It’s what Richard Louv, author of “Last Child in the Woods”, and “The Nature Principle” , refers to as the therapeutic agent we call Nature. It’s a clever idea, as is his diagnosis of “Nature-deficit Disorder” which he claims is widespread in our urbanised societies.

He writes about how exposure to nature is healing and mentions that in Japan “Forest Medicine” and “Forest Bathing” are becoming recognised medical treatments.

He even has his own definition of nature – ” human beings exist in nature anywhere they experience meaningful kinship with other species”

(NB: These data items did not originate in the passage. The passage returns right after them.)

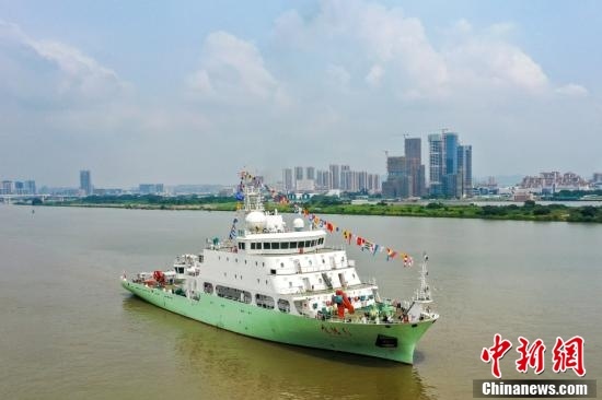 9月6日,中国科学院南海海洋研究所“实验6”综合科学考察船从广东省广州市新洲码头起锚,开始它的首次航行。此次首航将赴珠江口-南海北部海域执行多学科综合观测重要科学任务,为揭示粤港澳大湾区生态安全调控机理、涡旋多尺度动力过程与环境效应等重大科学问题提供强化观测支持。图为“实验6”综合科学考察船在珠江航行。(无人机照片) 中新社记者 陈骥旻 摄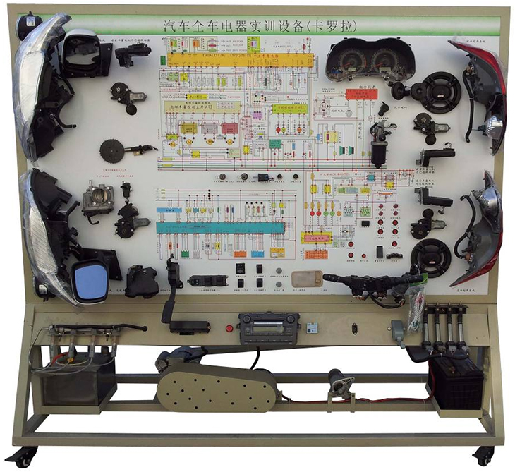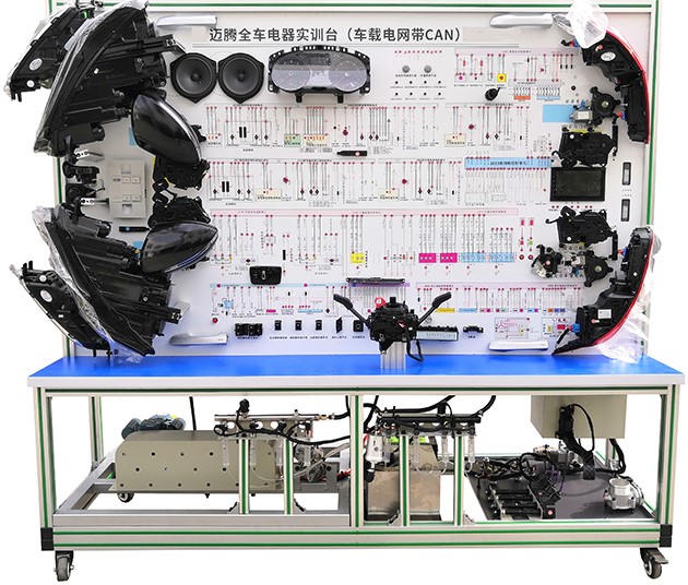 汽車電氣設(shè)備實(shí)訓(xùn)室。汽車電器設(shè)備實(shí)訓(xùn)室包含有汽車燈光系統(tǒng)、車載網(wǎng)絡(luò)系統(tǒng)、全車電器系統(tǒng)、汽車啟動系統(tǒng)、汽車空調(diào)系統(tǒng)、全車線路試驗(yàn)臺、等實(shí)訓(xùn)教學(xué)設(shè)備。該實(shí)訓(xùn)室可以承擔(dān)《汽車構(gòu)造》、《汽車電器設(shè)備》、《汽車電控系統(tǒng)》、《汽車檢測與診斷》等課程的實(shí)踐教學(xué)任務(wù)?梢杂糜谘芯俊⒎治鋈囯娖飨到y(tǒng)、燈光系統(tǒng)、儀表系統(tǒng)等電器設(shè)備的電路及功能。利用這些系統(tǒng)進(jìn)行實(shí)踐教學(xué),使學(xué)生熟悉汽車電器的結(jié)構(gòu)和工作原理,掌握各個(gè)系統(tǒng)的基本組成電路,掌握主要電路的檢測方法和系統(tǒng)的故障特征,從而具有一定的檢測和調(diào)校能力。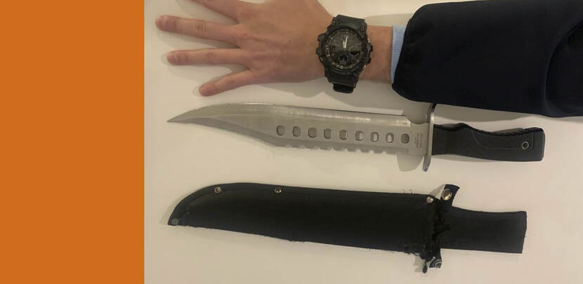 Een achttienjarige man is deze week door de marechaussee aangehouden omdat hij met een groot mes in zijn broekband over de luchthaven liep.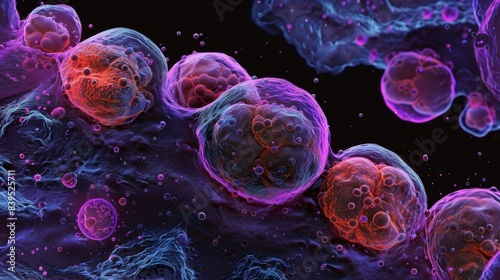 A series of dividing hematopoietic stem cells each with distinct stages of maturation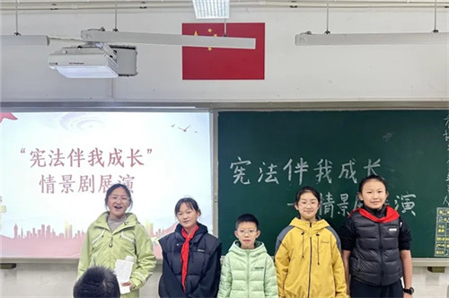 冬日校园,法治同行!同学们以诵读悟初心、以演绎践法治、以比拼夯基础,在宪法诵读中感受庄严,在情景剧里演绎民族团结与权利守护,在知识竞赛中夯实法治根基。活动紧扣教材核心,将“各民族一律平等”“维护国家领土完整”等宪法原则与铸牢中华民族共同体意识深度融合,让法治知识从课本走进生活。同学们在参与中读懂宪法精神,学会尊重差异、守护权益,争当懂法守法的小卫士。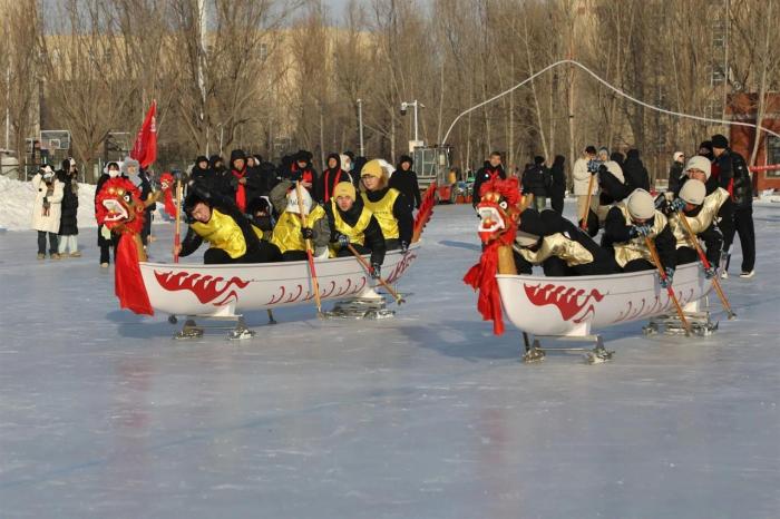 2024年东北石油大学冰雪体育文化节上的冰上龙舟(资料图)(图源:东北石油大学公众号)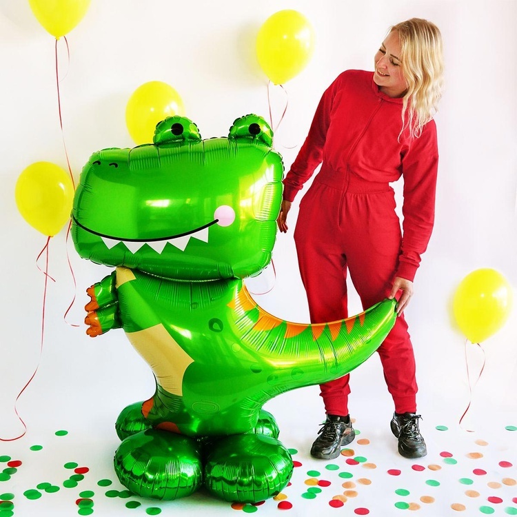Объемный шар в виде милого динозаврика станет эффектным украшением праздника или оригинальным подарком.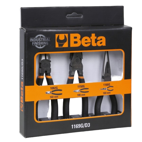 Beta Tools, 011690073, Set Of 1 Combination Pliers, 1 Long Needle Nose Pliers And 1 Diagonal Cutting Nippers, Slip-Proof Double Layer PVC, Industrial Finish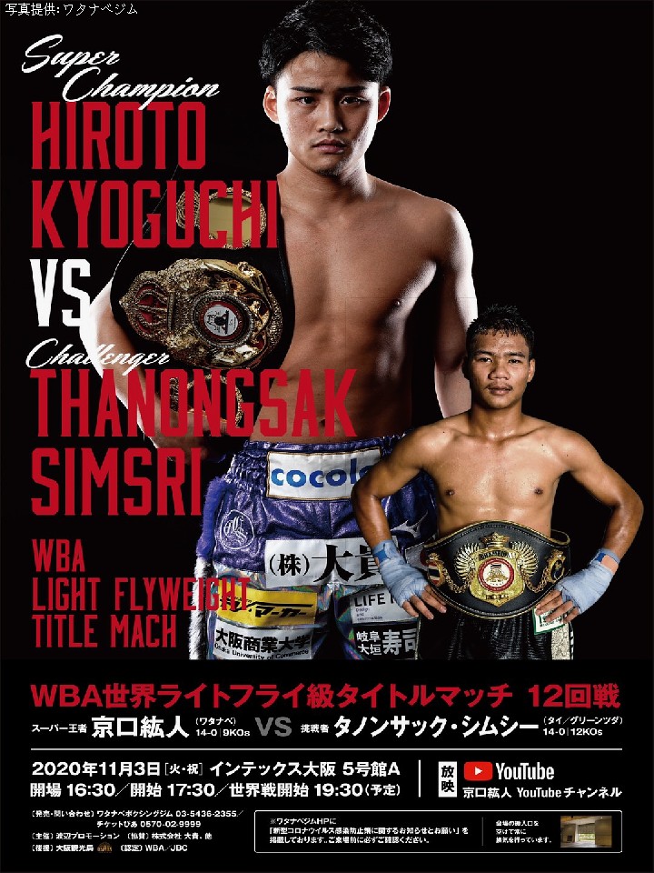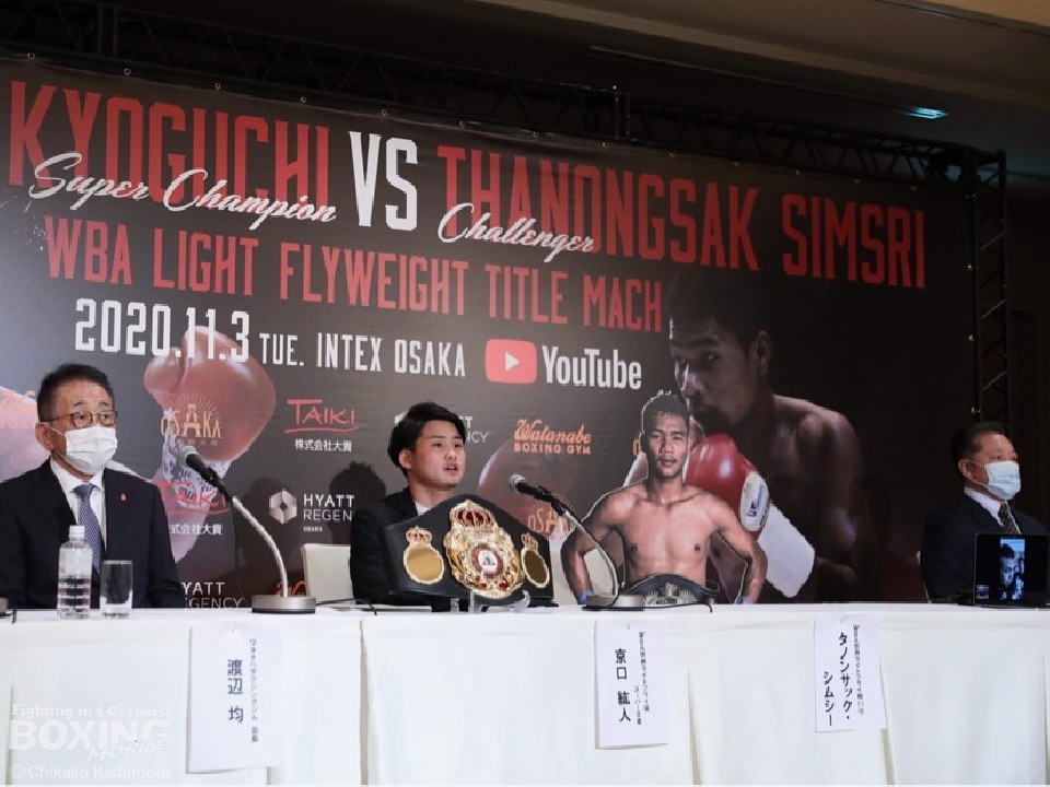 ワタナベボクシングジムは8日、大阪・住之江区のハイアットリージェンシー大阪で会見を開き、WBA(世界ボクシング協会)ライトフライ級スーパー王者の京口紘人(26=ワタナベ)の次戦を発表した。京口は、11月3日(火・祝)にインテックス大阪で同級11位のタノンサック・シムシー(20=タイ)を迎えて3度目の防衛戦を行う。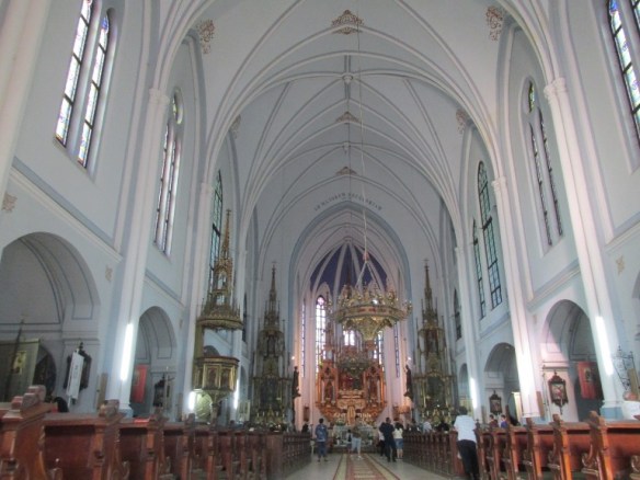 Capela a fost înlocuită cu o biserică (1255) și după ce s-au construit zidurile de fortificație a fost inclusă în oraș (1260). Un secol mai târziu în locul ei a fost ridicată o biserică în stil gotic care a fost extinsă, i s-a adăugat un turn pe care spre sfârșitul secolului a fost așezată o turlă în stil gotic târziu (1587-1589).

A 2008 study published in American Journal of Preventive Medicine found that the greener the neighborhood, the lower the body mass index of children. “Our new study of over 3,800 inner-city children revealed that living in areas with green space has a long-term positive impact on children’s weight and thus health,” according to senior author Gilbert C. Liu, MD

And….

A study of 260 people in twenty-four sites across Japan found that among people who gazed on forest scenery for twenty minutes, the average concentration of salivary cortisol, a stress hormone, was 13.4 percent lower than that of people in urban settings.6 “Humans . . . lived in nature for 5 million years. We were made to fit a natural environment. . . . When we are exposed to nature, our bodies go back to how they should be,” explained Yoshifumi Miyazaki, who conducted the study that reported the salivary cortisol connection. Miyazaki is director of the Center for Environment Health and Field Sciences at Chiba University and Japan’s leading scholar on “forest medicine,” an accepted health care concept in Japan, where it is sometimes called “forest bathing.” In other research, Li Qing, a senior assistant professor of forest medicine at Nippon Medical School in Tokyo, found green exercise—physical movement in a natural setting—can increase the activity of natural killer (NK) cells. This effect can be maintained for as long as thirty days.7 “When NK activity increases, immune strength is enhanced, which boosts resistance against stress,”

I like these ideas – a lot! You can read more here and here.

Our hospital, the NHS Centre for Integrative Care at Glasgow Homeopathic Hospital, is built around a beautiful garden, and patients frequently comment about the increase in well-being they feel gazing out into, or wandering around in, the garden.

My recent trip up to Crarae Gardens gave me a similar experience. Don’t you feel better after spending some time in natural environments? Which ones are especially good for you?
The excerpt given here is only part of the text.